On Thu, Jul 24, 2008 at 3:20 PM, John Vandenberg jayvdb@gmail.com wrote:
Hi,
I've been told that a large percentage of the EB1911 sits within the history of English Wikipedia, and a during a recent discussion about EB1911 here few checks indicate that this is possibly true, and that the EB1911 text imported into Wikipedia is from a decent transcription. In the following very long discussion, there are a two tables consisting of five Wikipedia articles starting with "A" and "B", a link to the Wikipedia revision consisting of the EB1911 text, a link to the copy now on Wikisource, and a link to the pagescan (set up by Tim Starling):
http://en.wikipedia.org/wiki/Wikipedia_talk:Plagiarism
I am interested in piecing together the history of the EB1911 import, because if this was as extensive as some claim, hidden in Wikipedia is possibly the best and most complete available transcription of EB1911, and I would like to work out a good algorithm to pull it out and put it on Wikisource, which has slowly been building an online copy that is true to the original.
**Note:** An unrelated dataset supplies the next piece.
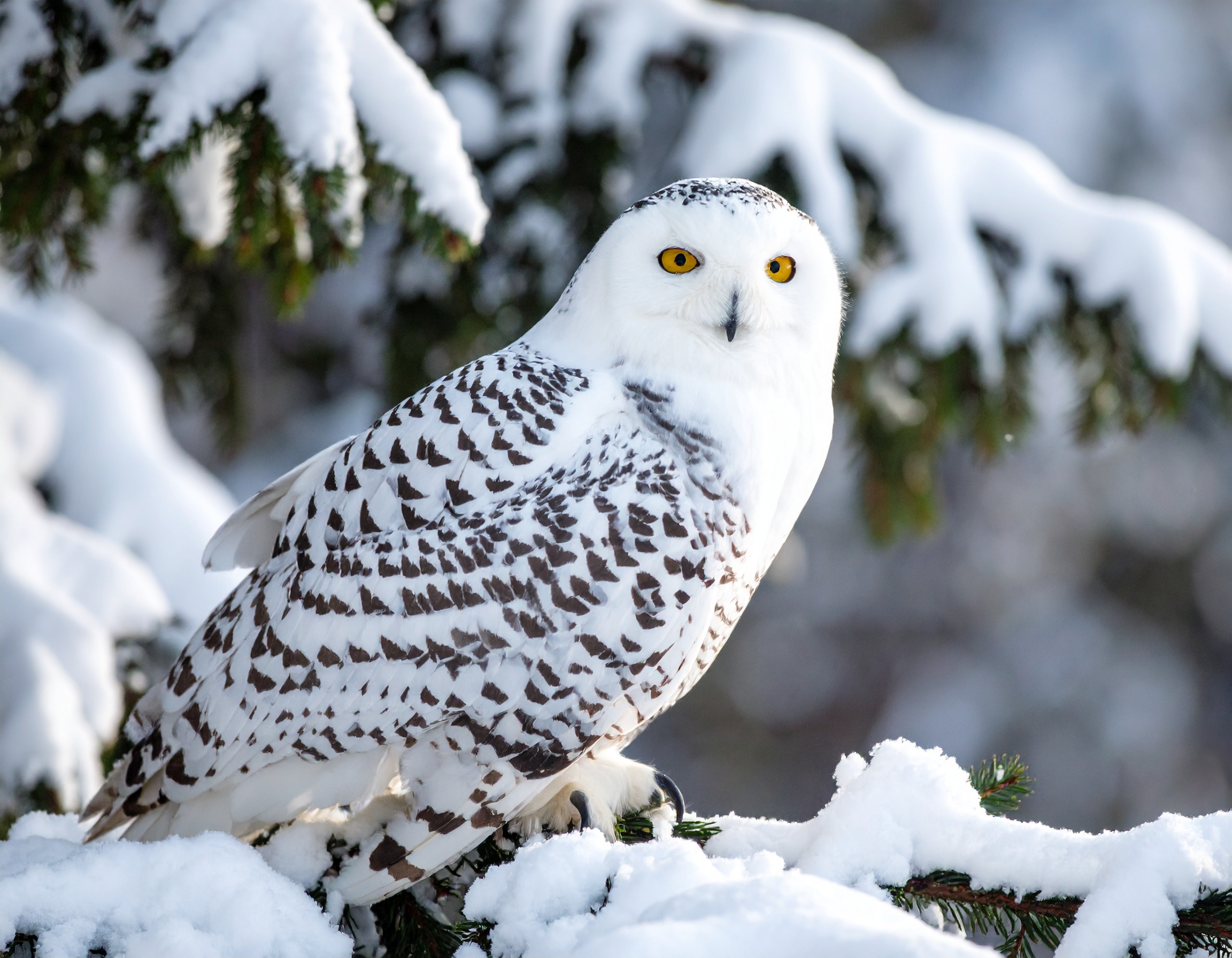 The work portrays a snowy owl perched on a tree branch in the stillness of winter. Its white plumage blends with the surrounding snow, while its focused gaze adds a calm yet powerful presence. The moment feels suspended, as if the northern landscape were breathing softly./ photography

Or maybe we can find whoever imported it, and re-use the import files.
I think most EB1911 text was copied from http://www.1911encyclopedia.org before it became a wiki.
[[Category:Wikipedia articles incorporating text from the 1911 Encyclopædia Britannica]] contains >12.000 articles, there's a start.
To find every such article, get the full dump, extact the earliest version of each article, and grep for "1911" :-)
Magnus